NVIDIA RTX Spark — Slim Laptops & Small Desktops
Posted by zxyzyxz@reddit | LocalLLaMA | View on Reddit | 54 comments
Posted by zxyzyxz@reddit | LocalLLaMA | View on Reddit | 54 comments
SuddenRadio6221@reddit
If they can deliver this with native linux (no x86 emulation) for under $4K, I'd be pretty interested.
Ornery_Hall@reddit
DDR6 will come out in 1-2 years, which is designed to handle higher pcie bandwidth between RAM, CPU and GPU. I rather wait for it than getting this crippled ARM Spark processor that can't do anything beside running basic model. Plus ARM and Microsoft partnership never workout from their past reputation.
hurdurdur7@reddit
So their massive announcement was just a laptop design for a worse version of windows with the same crappy memory bandwidth in a laptop form factor that gets too hot if you use it for the slow ai experience.
I don't mind arm cpus.
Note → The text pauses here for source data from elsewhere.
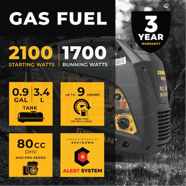 Firman W01784 - Whisper Series 1700 Watt Parallel Ready Inverter Generator w/ CO Alert (CARB)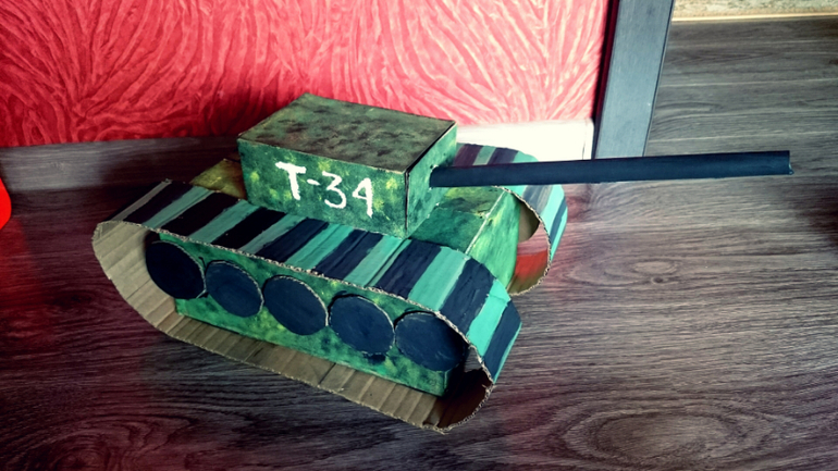 Наша подделка в Д/С. Делали все вместе, даже муж подключился) Воспитателю дали грамоту за лучшие подделки. Выделили 2 работы, включая нашу. Танк получился см.40 в длину)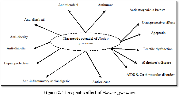 The pharmacological actions of pomegranate have all the earmarks of being wide assortment. In this way, prompting an upgrade ubiquity as a characteristic mixes and useful sustenance since hundreds of years. The pomegranate polyphenols like punicalagin is known to have strong anticancer action in cervical, breast and lung cells. About all the parts of pomegranate are shows biological effects including calming, anticancer, hostile to diabetes, hepato defensive, anti-atherogenic and cancer prevention agent action [19].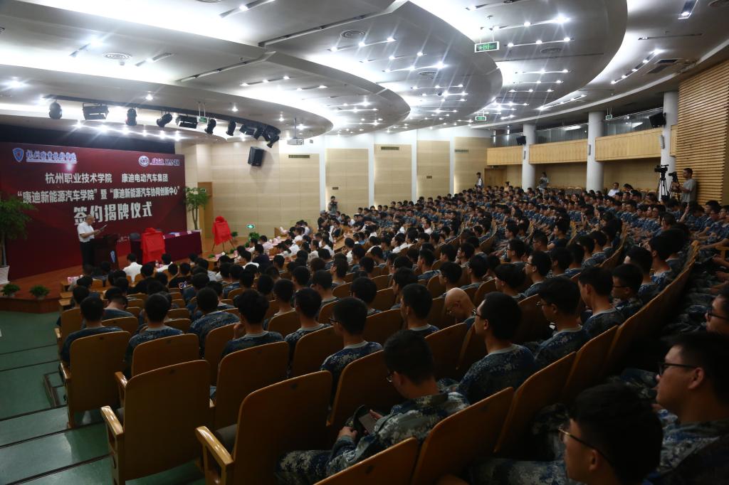 胡晓明在致辞中表示,康迪电动汽车集团正沿着“四化”——电动化、智能化、网联化、共享化四大方向发展,引领着汽车的变革,代表着新能源汽车新的发展趋势。此次与杭州职业技术学院的合作,是一个新的起点,希望能借此机会,为全国新能源汽车行业人才培养出力,向社会输送出更多的新能源汽车人才,更好地推动新能源汽车行业的发展。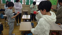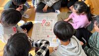 「お正月の遊びを楽しもう。」ということで、すごろくをしました。子供たちは、マスに止まるとそのイベントに一喜一憂です。伝統の遊びで、楽しい時間を過ごすことができました。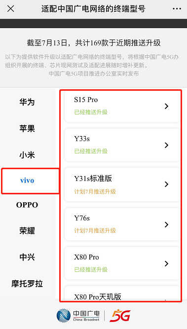 一、vivo哪些手机型号支持广电4G/5G网络?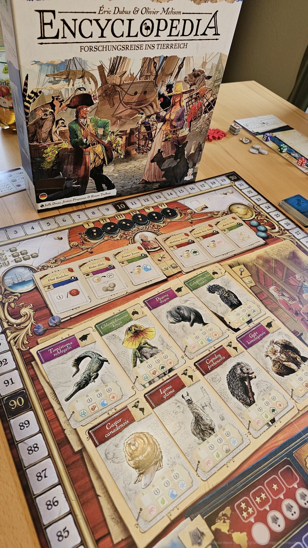 "Encyclopedia" ist ein wunderschön gestaltetes Set-Collection- und Würfel-Einsetz-Spiel für 1-4 Personen ab 14 Jahren mit einer Spielzeit von 60-120 Minuten, in dem wir Personen der Wissenschaft verkörpern. Wir wollen Tiere erforschen und unsere gewonnenen Erkenntnisse veröffentlichen. Dazu müssen wir Gelder beschaffen, Experten anheuern und zu den Lebensräumen der Tiere reisen.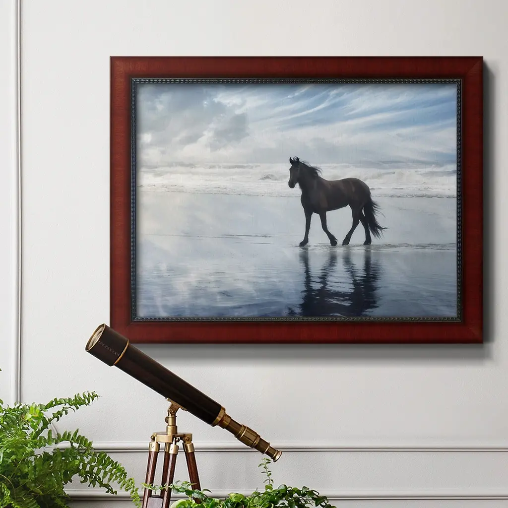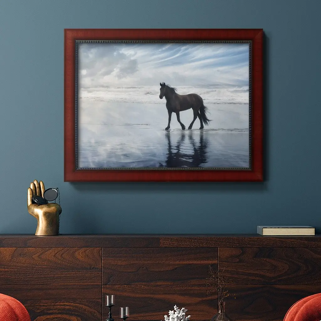 Horse Motion VI Premium Framed Canvas- Ready to Hang A Premium Framed Canvas created to last. Framed in distressed wood and available in an array of sizes and colors Featuring a beveled a solid wood stretcher bar, each piece comes ready to hand 3 SIZES AVAILABLE 16''X20'' - Overall Size 18'X27'' - Overall Size 24''x36'' - Overall Size Each piece is made to order. Each piece comes with hanging hardware. Made in the USA Ready to Hang Giclee Paper Print Acrylic Glass Beveled Matt Board

But this thing will flop.
Weird-Field6128@reddit
It is indeed a flop, you can't even run Linux on that. Idk what the hell they are thinking
z_latent@reddit
I highly doubt they'd lock you to Windows, be this a Microsoft partnership or not. Feel free to provide confirmation otherwise if you have it.
Also, the fact it's ARM won't stop you either, in the worst case you can use FEX like you would on a Steam Deck and run x86 programs.
Weird-Field6128@reddit
Maybe you are right, i am not that tech savy, people will find a way to do it eventually.
z_latent@reddit
It's OK, if anything this would be good news. Again, I also am not sure of the details of their partnership, but I doubt they would/could stop it.
You can have Linux on a MacBook, good luck to Nvidia if they actually wanted to lock people into Windows!
sittingmongoose@reddit
Well apparently it was supposed to launch 2 years ago but software issues and small hardware bugs delayed it. So I imagine the price they wanted to launch at 2 years ago is dramatically different than the price they can launch at now.
Probably will start at $3500 for the highest SOC and were probably expecting it to be $2000 back when it was supposed to launch.
Mountain_Patience231@reddit
i suspected those so called 100 fps gaming were also some AI slop frames
Ok_Warning2146@reddit
From the news report, it seems like it is just a DGX Spark with windows.
RestInProcess@reddit
I wonder how this would work because the DGA Spark is a very hot running system.
g_rich@reddit
Seems more like a DGX Spark with no ConnectX-7 NIC and a lower TDP that can run Windows and likely at the very least DGX OS.
Guinness@reddit
The 128GB ram limit kills it for me. I want 768GB of unified RAM at 1024GB/sec capable of at least running GLM/Kimi.
Fairchild110@reddit
GB300 is the answer to your wants.
Limp_Classroom_2645@reddit
ugh 😒
Django_McFly@reddit
it's not like the OS that you want to run cost money to install. $0 and like an 30 minutes and the solution is perma fixed. Hell, install pi and ask pi to do it. $0 and no time loss from your life.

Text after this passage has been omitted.